— Да не серчай. Дела!
— Знаю я эти дела в тридцать годков. Ты мне скажи, как в жилухе дела? Николашку обратно в цари не поставили?
— А к чему он?
— Может, и ни к чему, да и без царя непривычно. Царь — как икона в углу, нет-нет да помолишься, пока зад розгой не гладят. Какова она, новая власть?
Сысой вспомнил хрустящие бумажки, что получил, в комитете эсеров и одобрительно крякнул:
— Хорошая власть!
Достал из переметных сум сверток, дернул его по-приказчичьи лихо, и в воздухе расстелился коричневый в горошек сатин. Несколько обратных движений. — и сатин уже свернут. Сысой протянул его Саввушке.
— Тебе на рубаху.
— Спаси тебя бог.
— Как она? — кивнул в сторону запертых ставней.
Саввушка руками развел.
— Не сказать, что очень уж уросит, но и согласия нет. Ежли кобыла зауросит, ее плетью ожгешь, заставишь на дыбках пройтись, и готова. А вот ежели кобыла характер не кажет, как ты подступишься к ней?
— Не таких объезжали.
Сысой достал из переметных сум несколько свертков. Крикнул Саввушке: «Расседлай Огонька!» — и взбежал на резное крыльцо. С крыльца — в сени, просторные, светлые. Из сеней прошел в небольшую кухоньку. Слева — чистая русская печь. В правом красном углу на бревенчатых стенах иконы, а правее их — тяжелые косяки и дверь на запоре.
Надо бы сразу пройти решительно, не выказывать робости, чтоб девка уразумела — хозяин вернулся, а Сысой замешкался. Потоптавшись на пороге, откинул деревянный засов и вошел в горенку. Ставни на окнах затворены, в полумраке с яркого света не разберешь, что к чему. Хотел по-хозяйски крикнуть, а поздоровался неожиданно ласково:
— Здравствуй, Ксюша. Что-то не вижу тебя?

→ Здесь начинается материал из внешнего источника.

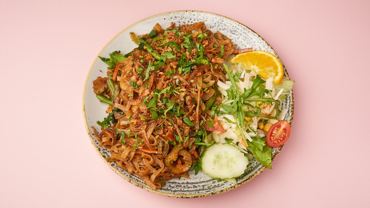 gebratene Reisnudeln mit Gemüse, Sojasprossen, Paprika und Tofu
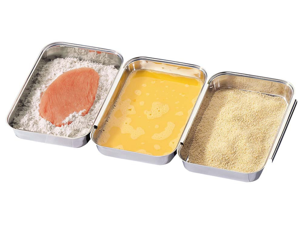 Praktyczny zestaw trzech prostokątnych miseczek do panierowania z wysokiej jakości stali nierdzewnej.

Девушка сидела возле стола на лавке к нему спиной, подперла щеку ладонью и смотрела в узкую щель в ставне. Солнечный луч дрожал в темноте, как натянутая струна, и освещал ее черные волосы, длинную шею, золоченой лентой ложился на плечи. Залюбовался Сысой. Обнять бы ее, подхватить на руки…
В прошлый раз за такую попытку Сысою попало цветочным горшком. Несколько дней ходил с забинтованной головой. После этого из комнаты вынесли табуретки, горшки с геранью, посуду из шкафчика у двери и сам шкафчик. Иконы сняли в углу. А лавку, стол и топчан накрепко приколотили к полу гвоздями. Но кулаки, ногти, зубы остались у Ксюши, и Сысой не решался поступать, как хотелось.
Сделав два осторожных шага, он встал за спиною Ксюши, положил ладонь на ее плечо и осторожно погладил.
Ксюша молча сняла Сысоеву руку.
— Гхе… — вскипела обида уязвленного самолюбия и вместе с тем забылось решение быть непреклонным. Положив на стол свертки, он сел против Ксюши и заставил себя улыбнуться.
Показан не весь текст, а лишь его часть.